Yale Students Object to English Department Teaching About White Male Poets
If you’re studying English, it’s extremely difficult to avoid white male writers.
Reason reports.
Yale Students Tell English Profs to Stop Teaching English: Too Many White Male Poets
Some Yale University students are demanding changes to the English Department curriculum: specifically, they don’t think it should feature so many English poets who were straight, white, wealthy, and male.
“It is your responsibility as educators to listen to student voices,” the students wrote in a petition to the faculty. “We have spoken. We are speaking. Pay attention.”
The “Major English Poets” sequence, a mandatory two-course commitment for English majors, is particularly problematic, according to the students. These classes cover Geoffrey Chaucer, Edmund Spenser, William Shakespeare, John Donne, John Milton, Alexander Pope, William Wordsworth, and T.S. Eliot. It’s not the most diverse line up, to be sure, but it’s the one that best reflects history the way it actually happened. Inarguably, these are the most influential poets in the English language.
But students think this sequence “creates a culture that is hostile to students of color.” They write:
When students are made to feel so alienated that they get up and leave the room, or get up and leave the major, something is wrong. The English department loses out when talented students engaged in literary and cultural analysis are driven away from the major.
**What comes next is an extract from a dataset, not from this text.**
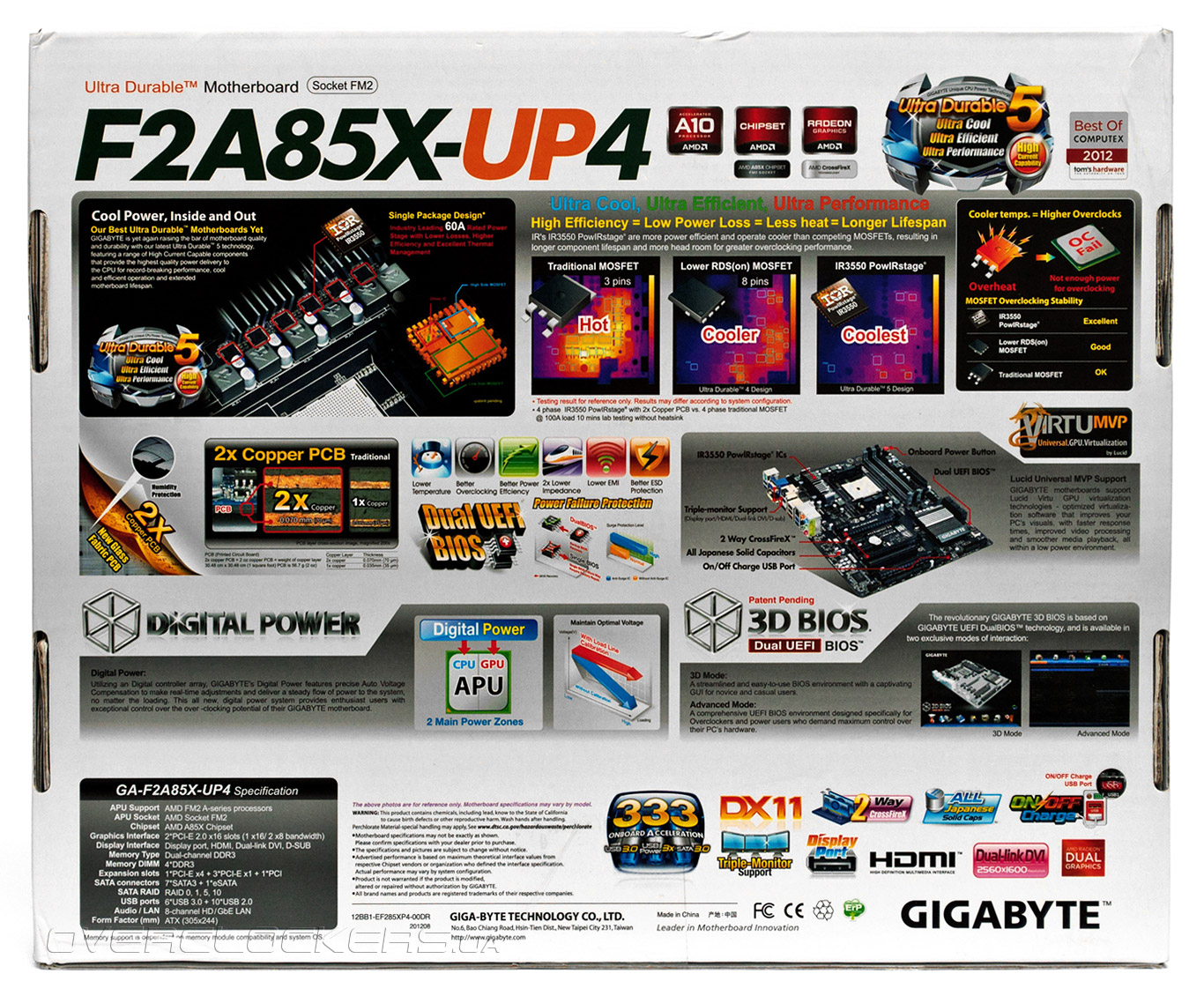 С обратной стороны можно увидеть краткую спецификацию и схематическое изображение системой платы с указанием её ключевых особенностей. Здесь же можно узнать подробности о фирменных технологиях Digital Power и 3D BIOS. Первая означает использование цифрового управления преобразователя напряжения гибридного процессора, а вторая — использование в качестве микрокода Unified EFI с оригинальным графическим интерфейсом. Также, можно узнать о наличии у GA-F2A85X-UP4 двух микросхем с пошивкой: основной и резервной, а также поддержке продуктом Gigabyte технологии виртуализации Lucid Virtu MVP.

Students who continue on after taking the introductory sequence are ill-prepared to take higher-level courses relating to race, gender, sexuality, ethnicity, nationality, ability, or even to engage with critical theory or secondary scholarship. We ask that Major English Poets be abolished, and that the pre-1800/1900 requirements be refocused to deliberately include literatures relating to gender, race, sexuality, ableism, and ethnicity.
Yale Students Tell English Profs to Stop Teaching English: Too Many White Male Poets (Reason)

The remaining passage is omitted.